La prima immagine di questo capolavoro che affiora alla mente non può che essere quella della piccola, ma solo per statura, Natalie Portman che con il suo caschetto nero interpreta il ruolo di Mathilda, affiancata sul set dal candidato al premio Oscar Jean Reno nel ruolo del cinico sicario Léon.

La trama, irrobustita del genere “gangster all’americana” dal regista Besson, va ad accostare a omicidi e poliziotti corrotti la tenerezza di una lolita diseducata all’affetto.

Gli occhi di Mathilda, scuri come la notte e carichi di rancore a causa di un’infanzia rubata, si fanno spazio sul viso ricoperto di lividi provocati dalle percosse del padre. Cresciuta assieme al fratello minore nel degrado familiare ricondotto a molestie psicologiche e fisiche, ritiene quest’ultimo il solo meritevole di attenzioni e cure.

La famiglia di Mathilda, decimata per una questione di droga la trasforma così in una vera e propria responsabilità sia per Léon, che si è ritrovato in casa una minorenne di cui non sa che farsene, sia per il regista il quale ci mostra una preadolescente già provvista di un passato ingombrante e matura nelle sue intenzioni ed esigenze.

L’obiettivo che scandirà tutta la convivenza forzata tra il sicario e la ragazzina sarà infatti la determinazione di quest’ultima nell’imparare “a fare le pulizie”, e cioè a uccidere per vendicare l’omicidio del fratellino.

La crescita fisica e psicologica di Mathilda sembra così essersi affidata alle cure dello spettatore attento, oltre che a quelle di Léon, presentandoci un cambiamento talmente reale da sembrare che esso sia avvenuto nella stessa attrice oltre che nel personaggio da lei interpretato.

La Portman ha addirittura rilasciato un’intervista nella quale ha spiegato come questo film abbia esercitato in lei non poche ripercussioni psicologiche, tanto che da quel ruolo in poi ha deciso di scegliere con attenzione le parti da interpretare in altre pellicole.

E a confermare tutto ciò vi è la modifica del copione: nella prima stesura il legame tra i due protagonisti era sviluppato in maniera più fisica ed erotica, una scelta questa che venne scartata in quella definitiva, forse proprio per la difficoltà interpretativa dell’attrice.
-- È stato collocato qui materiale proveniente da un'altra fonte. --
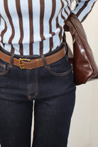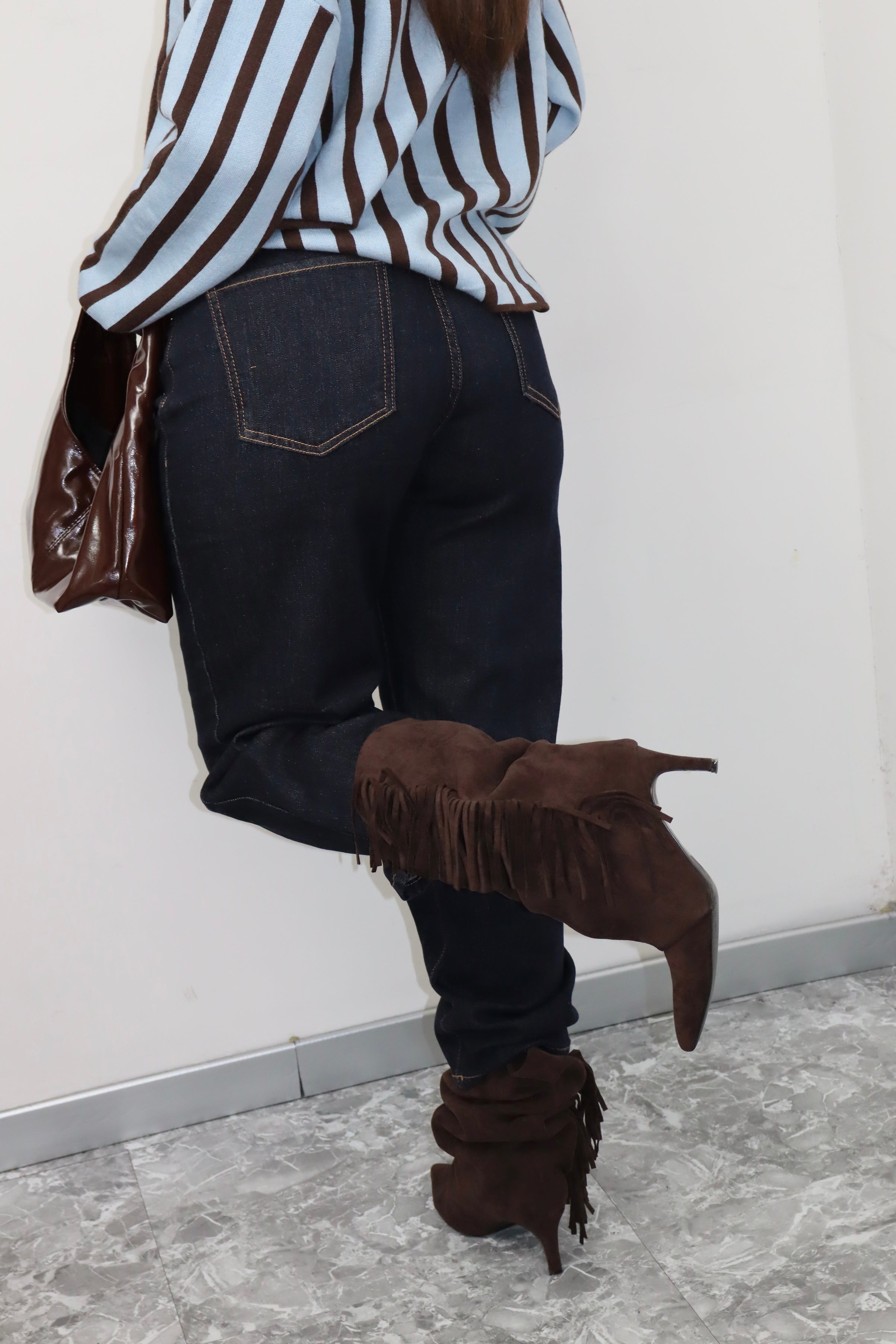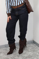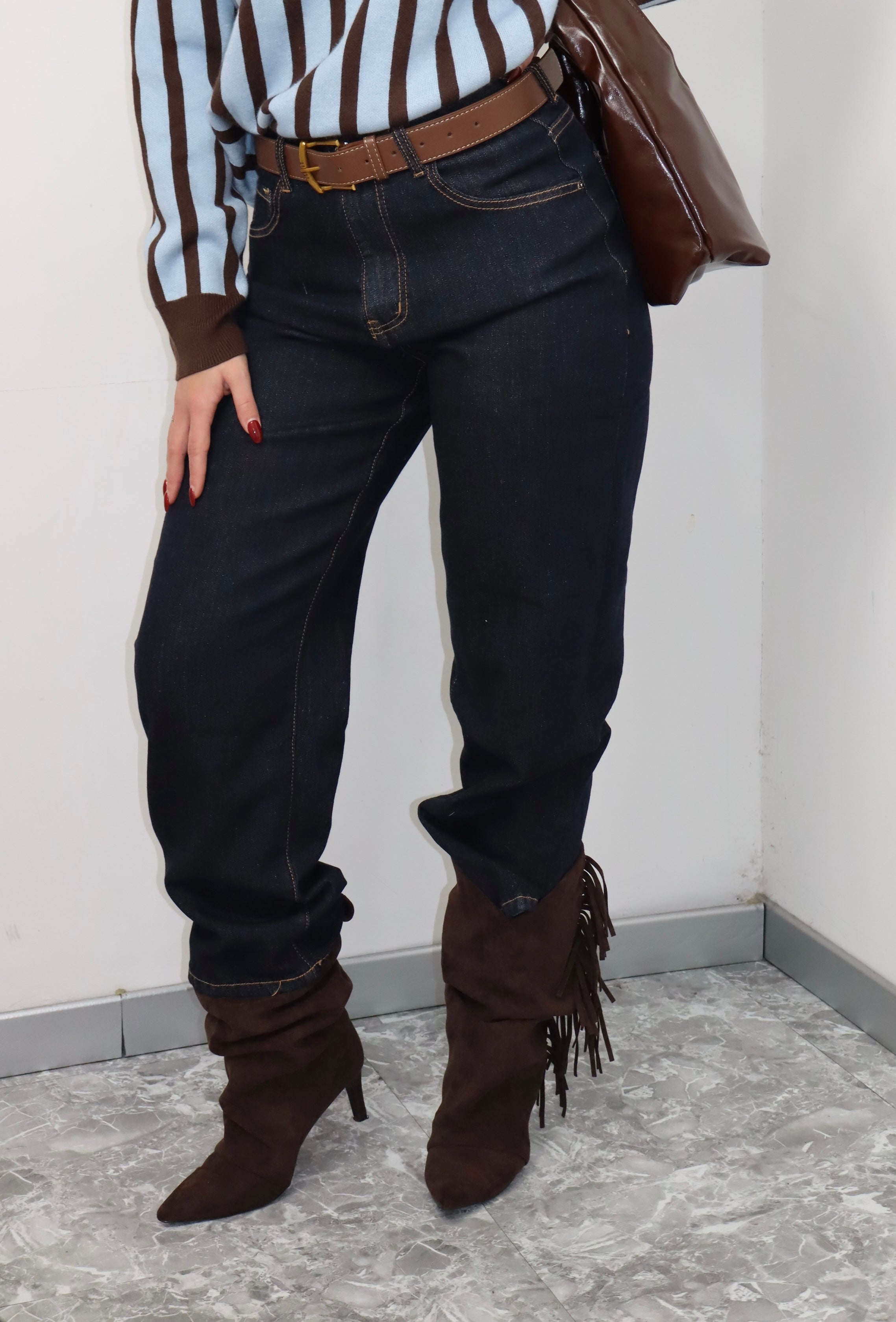 Jeans denim scuro , mom fit , cintura inclusa la modella indossa una S.

Fondamentale è il ruolo di Léon, sicario schivo e sempre vestito di nero, così attento da rendersi conto di tutto nonostante la sua discrezione abbia il sopravvento sulla reazione.

La figura di un uomo che ha sempre inteso la vita come un percorso fatto di abitudini e disciplina, tutto necessariamente nascosto e calcolato, tranne che l’arrivo di Mathilda.
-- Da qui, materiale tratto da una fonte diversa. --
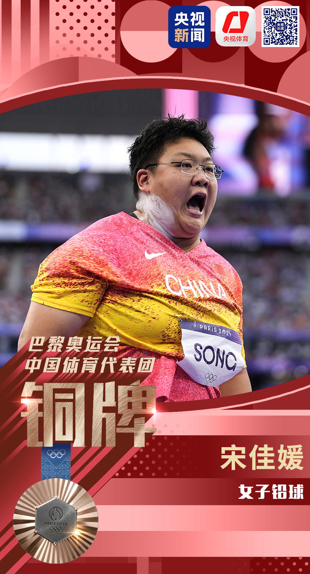 北京时间8月10日,在巴黎奥运会女子铅球决赛中,中国选手宋佳媛夺得铜牌。
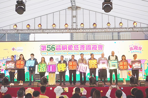 第五十六屆明愛慈善園遊會昨日下午四時三十分在南灣湖水上活動中心正式揭幕,由澳門教區李斌生主教、中聯辦社工部副部長趙河清、社會工作局副局長鄧玉華、市政署市政管理委員會委員譚惠芳、體育局代廳長林永昌、澳門基金會活動處處長黃麗莎、金沙中國有限公司營運行政副總裁麥萃賢、新濠博亞娛樂首席顧問黃昇雄、澳娛綜合度假股份有限公司秘書長官樂怡、美高梅人力資源副總裁趙翠華、銀河娛樂集團公共關係助理高級副總裁黃芝蓉、永利澳門及永利皇宮人力資源高級副總裁蘇家雯等在澳門明愛總幹事潘志明的陪同下主持了開幕儀式。
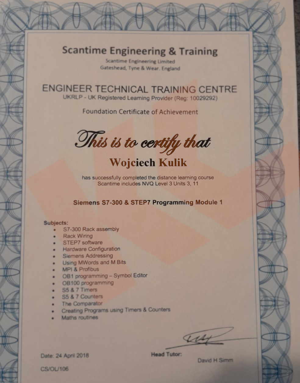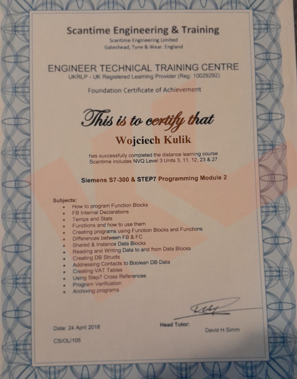 Siemens S7-300 & STEP7 Programming Module 1&2. SCANTIME, UK
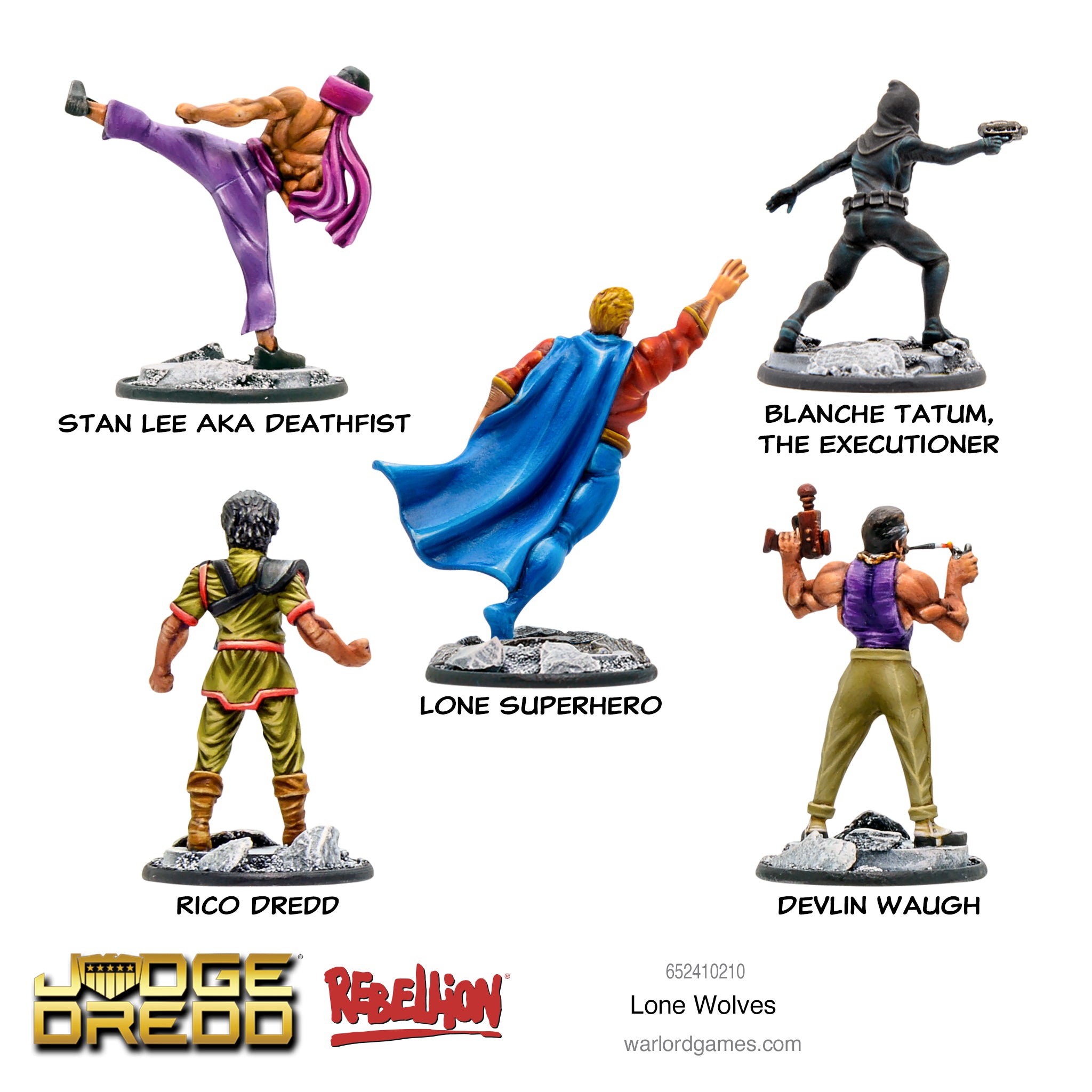 Martial arts master Stan Lee (AKA Deathfist) is one of a few who have bested Judge Dredd in close combat. Former rookie Judge Blanche Tatum (AKA The Executioner) is sworn to kill her husband’s murderers. Corrupt Judge Rico was arrested by his clone brother, Joe Dredd, and sent to Titan’s penal colony. Devlin Waugh, athlete, bon vivant and vampire, possesses a deep knowledge of matters paranormal. Some eccentric citizens don caped outfits and pledge to defend the city with their ‘superpowers’.

Due vite parallele e distratte che prendono forma senza che ci vengano mostrate sullo schermo le estreme conseguenze di una vita costellata di rancore e brutti ricordi, le ragioni del cuore rimangono velate fino a un exploit finale e a incidere con forza in questo è l’azzeccatissimo brano usato per i titoli di coda, Shape of my heart (La forma del mio cuore nella traduzione italiana) cantato da Sting.